- National Institutes of Health (NIH)/National Cancer Institute (NCI)
- National Institutes of Health (NIH)/National Center for Advancing Translational Sciences (NCATS)
- 11/01/2023
- Linking Clinical and Other Data for Research
- Use of Clinical Data for Resesarch
- Use of Publicly-Funded Data Systems for Research
STATUS: Active Project
BACKGROUND
Cancer is a significant cause of morbidity and the second leading cause of mortality in the U.S. Because relevant data are dispersed across disparate databases, it is difficult to generate and make available evidence on the comparative effectiveness of cancer treatments and treatment variations, and a range of patient outcomes over time. Linking data from complementary sources to create more robust, detailed, high-quality datasets would therefore enable researchers to more effectively and efficiently conduct the studies needed to capture the full trajectory of cancer patients’ care, characterize the variations in cancer treatments, and ascertain the impact of treatment variations on patient outcomes.

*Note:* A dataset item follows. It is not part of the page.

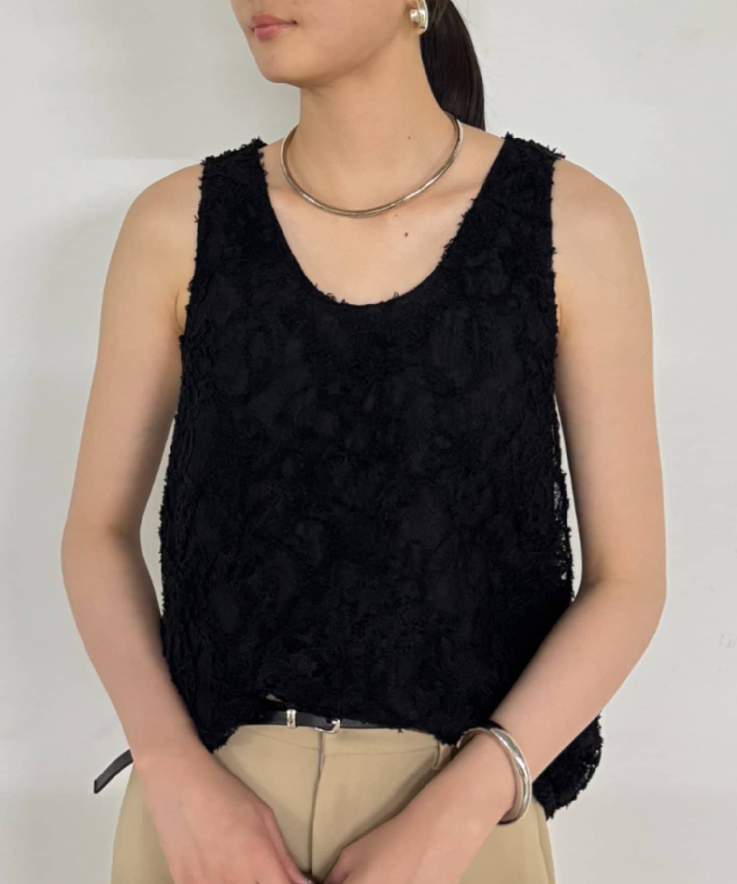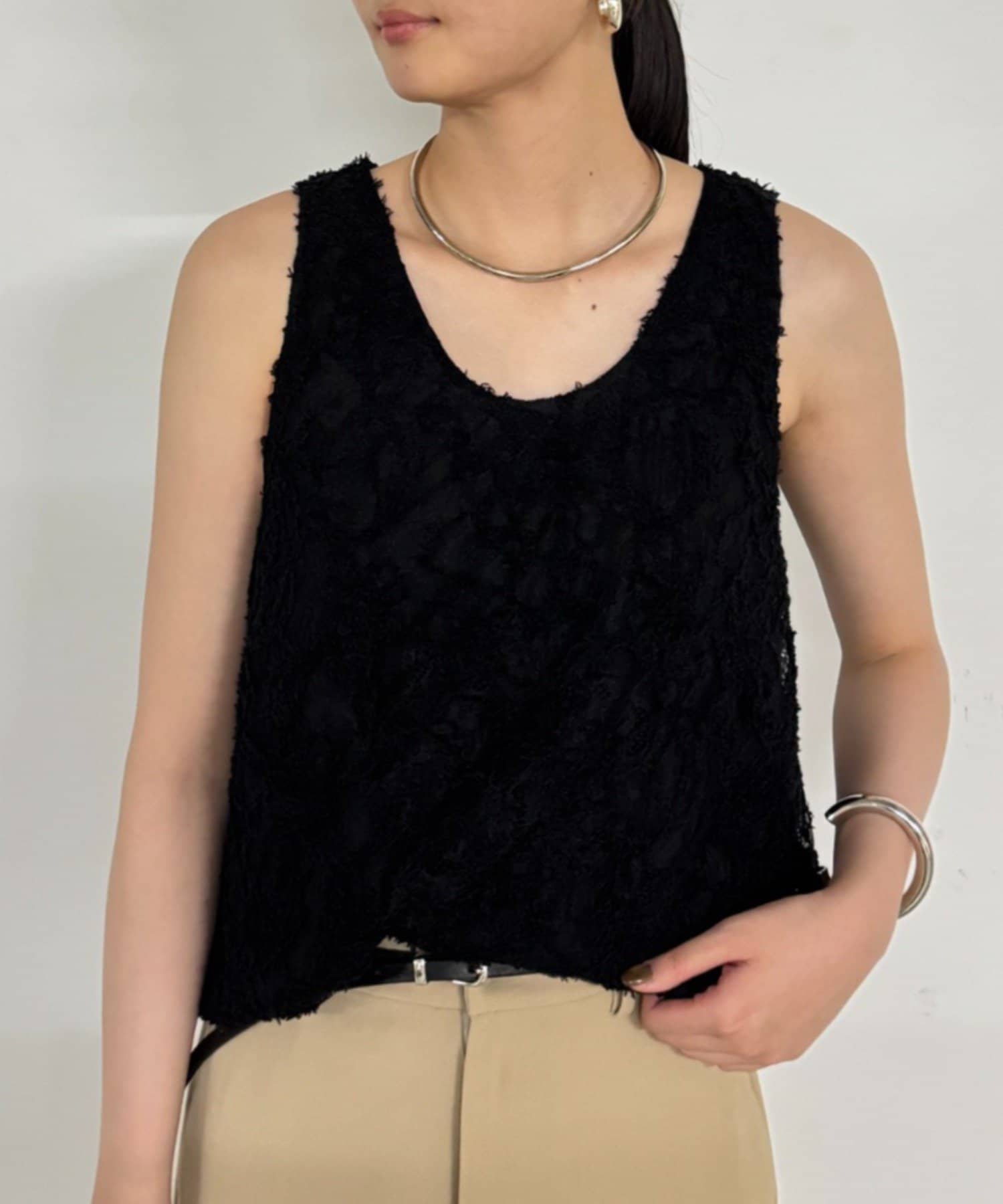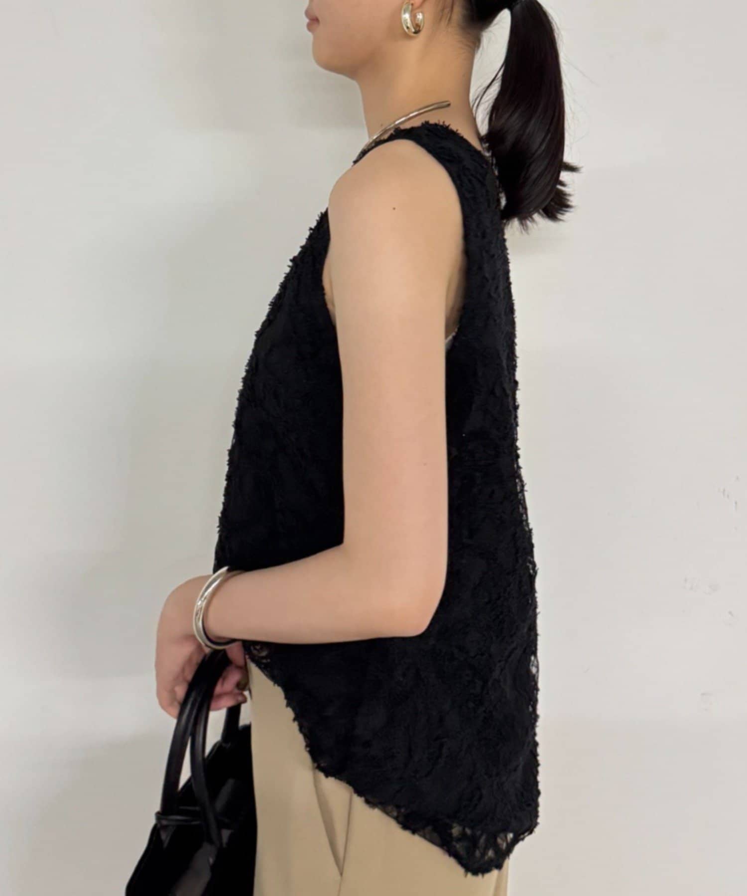 ジャケットやカーディガンのインナーとしても活躍。レースの透け感を活かして、様々なレイヤードスタイルを楽しめます。

In response to this need, this project will link data from the National Cancer Institute’s (NCI) Surveillance, Epidemiology, and End Results (SEER) program with electronic health record (EHR) data maintained by the National Center for Advancing Translational Sciences’ (NCATS) National Clinical Cohort Collaborative (N3C). The SEER program is a comprehensive population-based cancer reporting system that collects and publishes data on nearly 50% of the U.S. population. Although the SEER cancer registries have detailed data on a cancer patient’s diagnosis, stage of cancer, and initial treatment, they lack data on subsequent treatments and on patient outcomes other than mortality. The NCATS’ N3C platform offers one of the largest collections of secure and deidentified clinical data for COVID-19 research and this project will expand its use for patient-centered outcomes research (PCOR) on cancer in COVID and non-COVID individuals. The EHRs data on N3C contain additional patient-level data (e.g., demographics, medical history, clinical notes, medications, and test results) not available in the SEER registry. By 1/conducting these data linkage (EHRs data with SEER registry data) and (2) assessing the capability of the resulting linked datasets, this project will significantly enhance the data infrastructure for PCOR studies on cancer.
PROJECT PURPOSE & GOALS
Purpose
This project will build and strengthen data infrastructure for patient-centered outcomes research in cancer by:
- Linking SEER cancer registry and EHR data using privacy-preserving record linkage methods (PPRL)
- Creating cancer treatment cohorts and extracting data on patient outcomes from the linked datasets (the cohorts will include one common cancer and one rare cancer)
- Assessing the capability of the linked datasets to address PCOR questions
- Establishing a data use request process to make the linked datasets available to, and facilitate their use by, researchers
Developing and providing access to a high-quality, longitudinal cancer database will improve (1) the efficiency with which PCOR studies can be designed and conducted, given the availability of accessible, standardized, and linked data and (2) the robustness of the evidence that is generated, by leveraging a more comprehensive set of data and analytic resources.